I undertook placements at The Voice, The Sunday Times – News Review, Dazed and Confused and Grazia. Out of all these titles – The ST was the only place where I didn’t write.
The Voice was fantastic – because it is a small operation I was encouraged to pitch. I landed three front pages during my time there and wrote a raft of features, print and online news stories and gained lots of picture credits. Also, they were keen for my input and feedback as I represented a key age group they wanted to engage with.

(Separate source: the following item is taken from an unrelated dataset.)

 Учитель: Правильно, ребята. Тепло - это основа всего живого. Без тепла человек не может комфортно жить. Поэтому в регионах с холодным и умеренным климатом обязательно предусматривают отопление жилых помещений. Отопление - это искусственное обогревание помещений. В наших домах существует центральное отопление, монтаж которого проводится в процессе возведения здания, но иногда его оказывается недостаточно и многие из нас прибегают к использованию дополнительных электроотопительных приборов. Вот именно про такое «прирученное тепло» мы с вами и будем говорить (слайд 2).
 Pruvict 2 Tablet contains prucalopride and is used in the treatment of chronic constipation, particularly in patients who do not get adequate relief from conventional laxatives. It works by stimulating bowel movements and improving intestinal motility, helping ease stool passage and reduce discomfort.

Dazed was brilliant because it’s a mag I grew up reading - and being an independent title there was room for new writers and fresh ideas. I was prompted to pitch to both print and online platforms. I was able to see how the production process works too, which was great.

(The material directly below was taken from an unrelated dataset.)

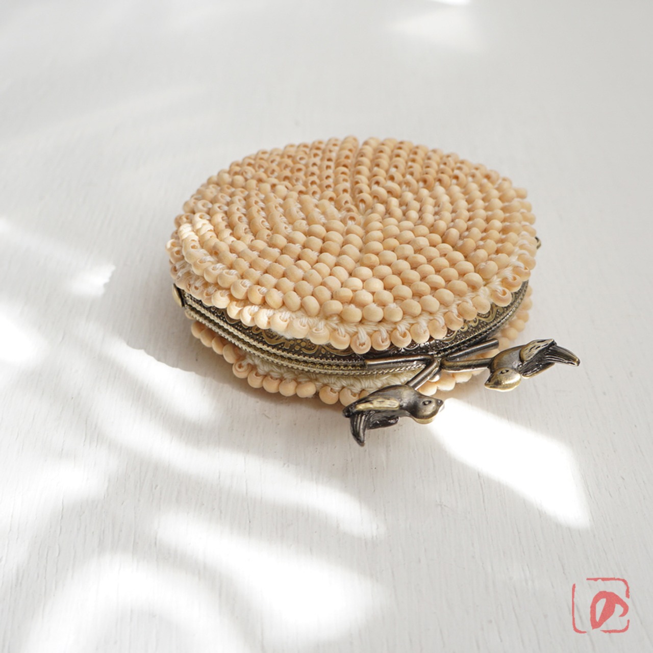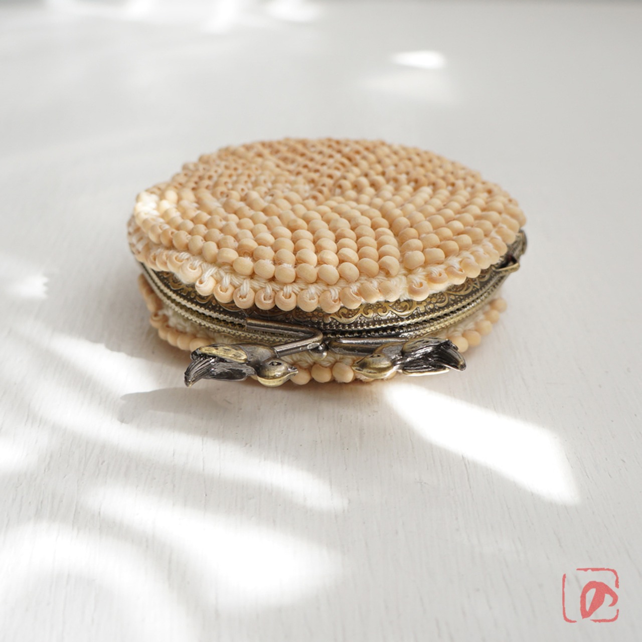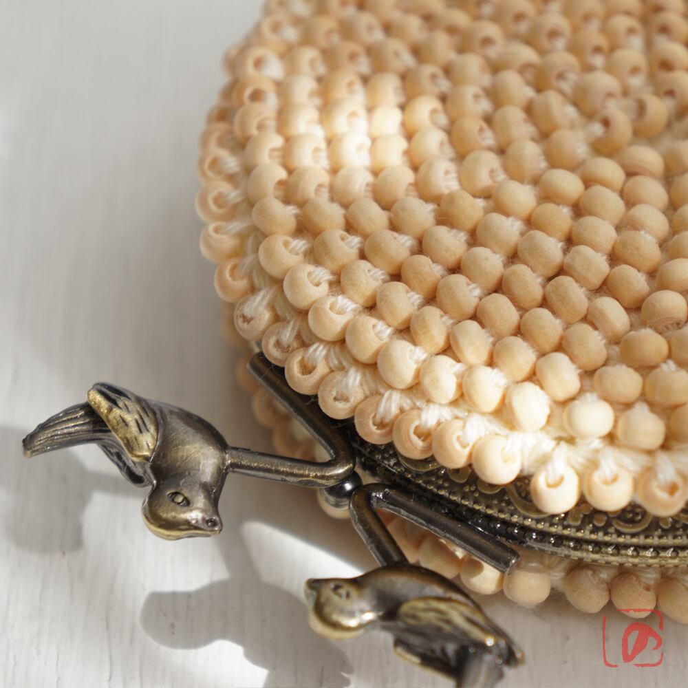 ばあば作、ウッドビーズのナチュラルまんまるがま口(metsän lintu・1887)

Grazia was way out of my comfort zone but hugely enjoyable – it’s a slick and professional outfit and the team were so welcoming. I spent a week on the news desk and picked up a few bylines in the mag and on Grazia Daily. The biggest thing was understanding the behemoth that is celebrity and how important it is to know your audience and the people you write about.
Going to a smaller publication (local newspaper, B2B, some desks of nationals, minority publications, indie magazines, real life weeklies, customer publishers), or somewhere with a strong online output will give you a better platform to learn, pitch and get published.
2. IDEAS
This carries on from my earlier point. PITCH AND GET PUBLISHED!

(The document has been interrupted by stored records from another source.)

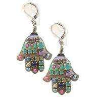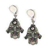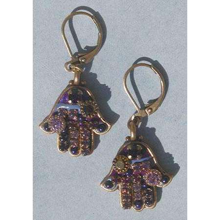 Michal Golan Abalone and Amethyst Hamsa Earrings
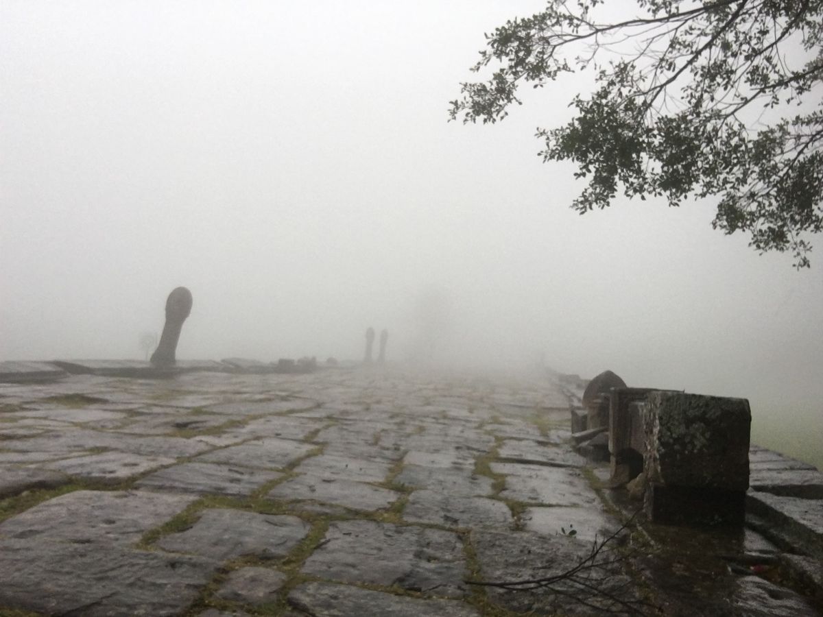 当日は朝から天気が良くなく、プレアヴィヒアに登ると濃霧と暴風に襲われました。ガイドのケローさんもこんなに風が強いのは初めてとのこと。傘をさしてる方もいましたが殆ど役に立たず、カッパと着替えは携帯すべきと痛感しました。運良く風邪は引きませんでしたが、中々の寒さでした。
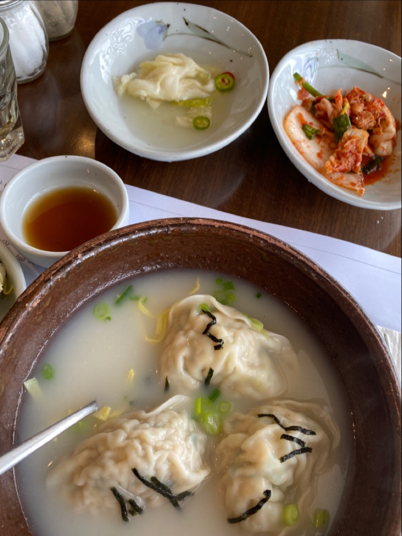 One of my wife's fav spots in this neighborhood. We only eat dumplings here and that is what they are about. The soram dumplings are hand made (you can see the restaurant ladies making them at the corner table) and are very good on their own or in the soup menu. The bone broth soup the dumplings come in are good as well (be sure to add salt and pepper for your taste). You can tell the quality of food overall is very good and everything feels very clean here. I like how they serve out a small portion of pumpkin soup in the beginning as well. Btw if you like the dumplings you can purchase the frozen ones to cook at home as well! Restaurant space is cozy and compact. There is plenty of parking and you can shop in the h mart before or after the meal, or hit up paris baguette for coffee or...
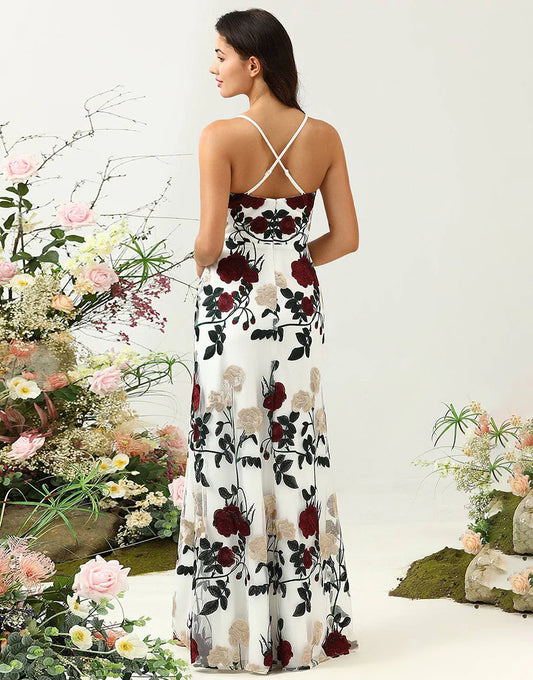 Mermaid Spaghetti Straps Flower Printed Wedding Guest Dress

When you’ve secured your placement make sure you’ve read the publication you’re heading to. Order back copies if it’s a hard-to-get B2B and depending on which department/desk you’re on, look at the subjects they cover and recently published features.
Work up three strong pitches. Send out emails, file FOIs, start digging and form a pitch. When you arrive on work experience, find the commissioning editor/news editor/relevant person and when they’ve got a few minutes free ask if you can email over your ideas or grab a chat.
Also, pictures, strong case studies and exclusive material will get you noticed – and published.
3. SMILE
There’ll be times when you’ll be given a less than desirable task to do (I once had to transcribe an interview that lasted for 70 minutes and the interviewee spoke as if he’d just dropped a pill) but it’s important to do it with a smile on your face. Sometimes it’s a test – a test of your attitude and how meticulous you are when faced with difficult or dry tasks. Word gets around newsrooms if the intern’s got an attitude or is wearing a ‘screw face’ – don’t let that be you!
4. PICK IT UP
D0n’t be afraid to answer the phone.
5. GET TOOLED UP
Be armed with two notebooks, a dictaphone with spare batteries, a telephone pick up/microphone, five pens (I lost a pen every day without fail), a small point-and-shoot camera, a USB stick, a phone charger and a small umbrella. If you’re doing a lot of field reporting, make sure you take your laptop battery charger.
I got so much out of my work placements and it helped me figure out the kind of journalist I wanted to be and I got to hone the skills I gained before and during the course. More importantly I got to write – to really write – and build a strong portfolio which I was able to take to my interview at News International and speak confidently about my experience.
City has a great rep and editors know that they can put some amount of trust in a City MA student because they’ve got the basics under their belt.
OBVIOUSLY there’s no right or wrong answer… but observe the journalists and how they work and get to know them (contacts), offer to help out where appropriate, take all feedback (constructive and otherwise) and build on it.
Don’t be cocky but be confident - you might not be there for long, but you’ll want to be remembered as the intern who went the extra mile.